AT THE SDEF WOMEN’S & PEDIATRIC DERMATOLOGY SEMINAR

NEWPORT BEACH, CALIF. (FRONTLINE MEDICAL NEWS)All it takes to clear up vulvar pruritus in most young girls prior to puberty is a little reminder about proper toilet habits, according to Dr. Bethanee J. Schlosser.

“There are a whole slew of conditions that cause itching of the genitals in young girls, but the most common is poor hygiene,” explained Dr. Schlosser of the departments of dermatology and obstetrics and gynecology at Northwestern University in Chicago.

Afraid they might miss out on something, children often rush bathroom visits and don’t take the time to wipe properly. Itching and redness soon follow. Gentle guidance is mostly all that’s needed to clear the problem. Loose-fitting cotton underwear helps, too, along with quickly changing soiled underpants, avoiding wet wipes, and taking baths to make sure the genitalia are adequately rinsed, Dr. Schlosser said at the Skin Disease Education Foundation’s Women’s & Pediatric Dermatology Seminar.

imple as those steps are, they can be overlooked in the clinic. One study found that young girls are sometimes misdiagnosed with candidiasis, and treated with topical antifungals for years, even though yeast infections – the most common cause of vulvovaginal pruritus in adult women – are estrogen dependent, and so far less likely before puberty ( Australas. J. Dermatol. 2010;51:118-23 ). After hygiene issues, lichen sclerosus is perhaps the next most common cause of vulvar pruritus in young girls, and tends to present with more urinary problems and bleeding than in adults, and more GI complaints, especially constipation. It’s “the most common inflammatory vulvar dermatosis that we see, with the possible exception of contact dermatitis,” Dr. Schlosser wrote ( Arch. Dermatol. 2004;140:702-6 ). As in adult women, the first-line treatment is once-daily clobetasol propionate ointment 0.05% for several weeks, followed by maintenance therapy. Dr. Schlosser said she used to switch patients to a less potent topical steroid, but “then I had a couple patients get confused about which tube they were supposed to use at home, so now I taper the frequency of their clobetasol ointment” to once or twice a week instead of switching them to a less potent topical steroid. It’s easier for them, but as with any topical steroid, “you need to continue ongoing monitoring for cutaneous atrophy,” she said.
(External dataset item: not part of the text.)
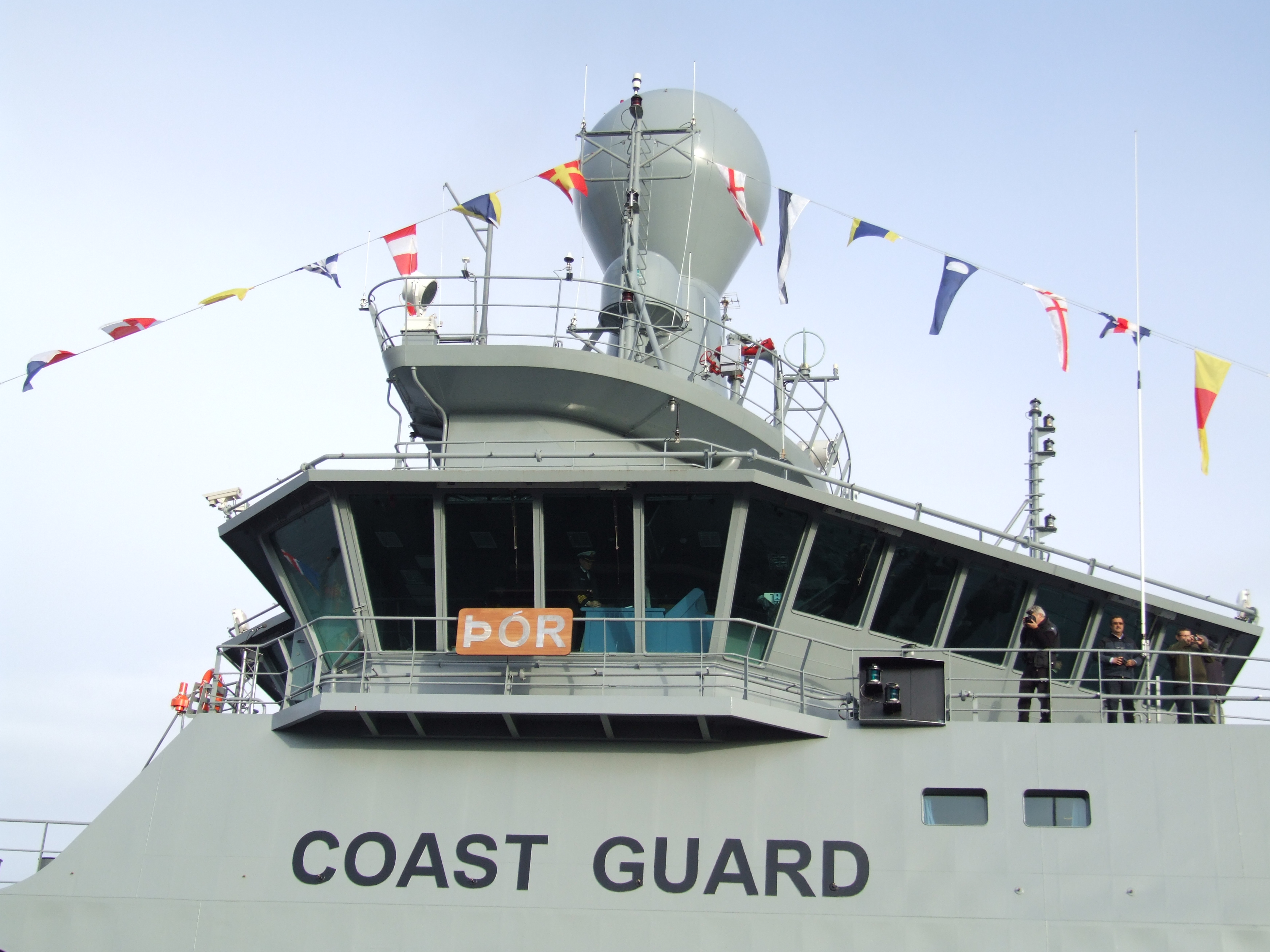 3 Arrival of Thor - Icelandic Coast Guard 2011-10-27 Reykjavik

In general, pelvic exams in pediatric patients “require special consideration. These are not 5-minute visits. You have to take the time to make yourself available. Educate patients and parents about what’s going to happen,” and use the child’s own terms for her genitals, asking parents beforehand what they are, so that the child understands what she’s hearing, Dr. Schlosser said.

“When I see young girls,” mom is in the room and “I only have gauze, gloves, and maybe a Q-tip [swab] here and there. I often” begin by asking the child if it’s okay to look at her scalp, face, and hands, then “gradually work my way down. I think that gives patients some sense of comfort and control,” she said.

Dr. Schlosser said she prefers the frog-leg position, with very young girls in their mothers’ laps. The literature sometimes advocates the prone knee-to-chest position, but “I find it makes people feel very vulnerable. They can’t see you, and they have no idea of what’s going on. I don’t advocate it,” she said.

Dr. Schlosser said she has no relevant financial disclosures.

SDEF and this news organization are owned by Frontline Medical Communications.